Microbial fuel cells for groundwater remediation
Refractory organic compounds
Refractory organic compounds in groundwater include aromatic compounds and chlorinated hydrocarbons, whose existence is mainly attributed to human pollution. Because of the lack of electron acceptors, these substances exist in the environment for a long time. Studies have shown that benzene is anaerobically degraded in the anode chamber of MFCs, which provides the possibility for MFCs to remove organic pollutants from groundwater (Rakoczy et al. 2013). The composite anode improved the removal rate of toluene. The performance of the composite anode made of conductive coke and conductive carbon black was better than that of a single anode, and the removal rate (88.2%) of toluene was the highest at 1:3. This may have been due to the large porosity of coke and the high specific surface area of carbon black, which were beneficial for microorganisms to adhere to the surface of the anode (Liu et al. 2019c). Stacked MFCs improve the removal rate of organic matter. When three MFCs were connected in a series, the removal rate of benzene was 19.6% higher than that of a single MFC. The removal rate by parallel MFCs was better than that of a series of MFCs. The performance of three parallel MFCs (removal rate of 92.7%) was much higher than that of a series of MFCs (removal rate of 75.5%) (Chang et al. 2017).
Metal contaminants
The objective of groundwater treatment with metal contaminants is to change the metal ions to a state of low toxicity and/or solubility, and then remove them by precipitation or adsorption. For example, Geobacillus can reduce soluble U(VI) to relatively insoluble U(IV) by using organic compounds as electron donors, thus effectively removing U from contaminated groundwater (Gregory and Lovley 2005). In microbial metabolism, As(III) can be converted into less toxic As(V) by using electrodes as direct electron acceptors (Pous et al. 2015). Hao applied bioelectricity generated by MFC directly to a bioelectrical reactor to promote microbial reduction of V(V) in groundwater. V(V) acted as an electron acceptor, and V(V) with high toxicity was reduced to V(IV), and the removal rate of V(V) reached 93.6%. When the output voltage of MFC improved from 200 to 700 mV, the removal efficiency of V(V) increased with the improved of the voltage (Hao et al. 2015). The electrochemical system based on MFC power supply provides an efficient and economical method for controlling metal pollution in groundwater. Under the 600 mV provided by MFCs, the oxidation rate of Tl(I) reached nearly 80.5% within 4 h of operation, and Tl(I) was gradually oxidized into Tl(III) that was easy to precipitate, which was more conducive to the removal from groundwater (Tian et al. 2017).
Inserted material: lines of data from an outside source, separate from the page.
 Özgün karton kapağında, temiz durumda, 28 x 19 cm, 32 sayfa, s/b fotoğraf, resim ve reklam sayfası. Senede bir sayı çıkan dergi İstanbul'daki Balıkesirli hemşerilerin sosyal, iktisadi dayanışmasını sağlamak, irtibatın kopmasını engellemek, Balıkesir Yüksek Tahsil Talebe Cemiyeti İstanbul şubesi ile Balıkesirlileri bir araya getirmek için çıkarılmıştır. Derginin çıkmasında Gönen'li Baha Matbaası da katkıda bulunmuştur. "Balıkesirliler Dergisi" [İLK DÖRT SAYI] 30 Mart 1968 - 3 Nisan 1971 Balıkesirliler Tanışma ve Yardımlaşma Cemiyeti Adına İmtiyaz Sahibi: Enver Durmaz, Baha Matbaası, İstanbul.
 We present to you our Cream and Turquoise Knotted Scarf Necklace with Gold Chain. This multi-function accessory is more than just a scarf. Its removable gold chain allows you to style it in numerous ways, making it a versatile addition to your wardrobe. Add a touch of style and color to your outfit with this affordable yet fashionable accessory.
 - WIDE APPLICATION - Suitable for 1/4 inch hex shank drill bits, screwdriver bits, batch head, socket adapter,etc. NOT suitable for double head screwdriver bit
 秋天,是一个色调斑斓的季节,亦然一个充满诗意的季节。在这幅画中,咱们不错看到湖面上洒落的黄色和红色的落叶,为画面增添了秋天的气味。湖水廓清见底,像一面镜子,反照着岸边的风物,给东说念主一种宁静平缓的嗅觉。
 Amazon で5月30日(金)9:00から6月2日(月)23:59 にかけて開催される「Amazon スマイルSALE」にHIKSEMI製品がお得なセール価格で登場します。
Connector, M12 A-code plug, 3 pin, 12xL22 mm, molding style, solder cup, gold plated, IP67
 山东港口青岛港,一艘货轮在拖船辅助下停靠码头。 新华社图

Nonmetallic inorganic pollutants
In recent years, MFC system has made remarkable achievements in the removal of nitrate from groundwater. With acetate as the electron donor of the anode chamber, groundwater was injected into the cathode chamber of MFCs, and 64% of NO3−-N was removed (Pous et al. 2013). Four different volumes of sand/water (0, 10, 50, and 100%) were added into two chambers of the MFCs to simulate the working condition of the denitrification bioreactor in an aquifer. The denitrification time was 15, 25, 24, and 20 days, respectively. The results showed that the reduction efficiency of NO3−-N was related to the sand/water ratio, and the biological community was slightly different under different sand/water ratios, which might have been related to the conditions of the liquid phase circulation in the cathode chamber (Van Khanh et al. 2016).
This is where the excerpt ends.